This past week I have praying with his poems in response to the ‘O’ Antiphons. I was particularly moved by his poem “O Rex Gentium,” that brings together, in an interesting way, what I had been studying this term. I took courses on theological anthropology (how we understand creation and humanity’s relationship to God as Creator), eschatology (how we understand the ‘end times’) and early Christian history (the birth of the Christian churches). These themes are reflected in his evocative description of Christ, the King of the Peoples/Nations.
I leave this poem as a prelude to the Nativity, which we will celebrate in just a few hours.

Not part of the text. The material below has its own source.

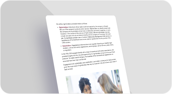 We define rightsholders and stakeholders as follows: • Rightsholders: Individuals whose rights could be impacted by the company or through the use of the company’s products and/or services. Rightsholders may directly interact with the company and its products and services as employees, contractors, customers, or users. However, in the context of the end-use of SaaS services, affected rightsholders may also include non-users who do not interact directly with the company or its services. For exam- ple, if a healthcare provider uses a Customer Relationship Management (CRM) solution, all beneficiaries of the healthcare service are potential rightsholders for the provider of the CRM solution. • Stakeholders: Organizations informed about and capable of speaking on behalf of right- sholders, such as civil society organizations, activist groups, opinion formers, policy makers, or regulators. In this HRA, BSR engaged directly with a range of experts and civil society organizations, who provided insights into the risks and opportunities for rightsholders arising from the use of SaaS products. To enable candid dialogue, the identities of the individuals and organizations we consulted have been kept confidential. Engagement with rightsholders and stakeholders is particularly challenging for SaaS providers given the huge scope of rightsholders that may be impacted in the downstream value chain of SaaS services. 11 Human Rights Assessment of the Software-as-a-Service Sector

O Rex Gentium O King of our desire whom we despise, King of the nations never on the throne, Unfound foundation, cast-off cornerstone, Rejected joiner, making many one. You have no form or beauty for our eyes, A King who comes to give away his crown, A King within our rags of flesh and bone. We pierce the flesh that pierces our disguise, For we ourselves are found in you alone. Come to us now and find in us your throne, O King within, the child within the clay, O hidden King who shapes us in the play Of all creation. Shape us for the day Your coming Kingdom comes into its own. – Malcolm Guite
Coming out of the First Spiritual Exercises (FSE) retreat that recently concluded at Regis College, I made the resolution to make a retreat day once a month. Nothing too formal, just a day set aside to be with God and to hang out the way I hang out with friends. A time out from the usual routine.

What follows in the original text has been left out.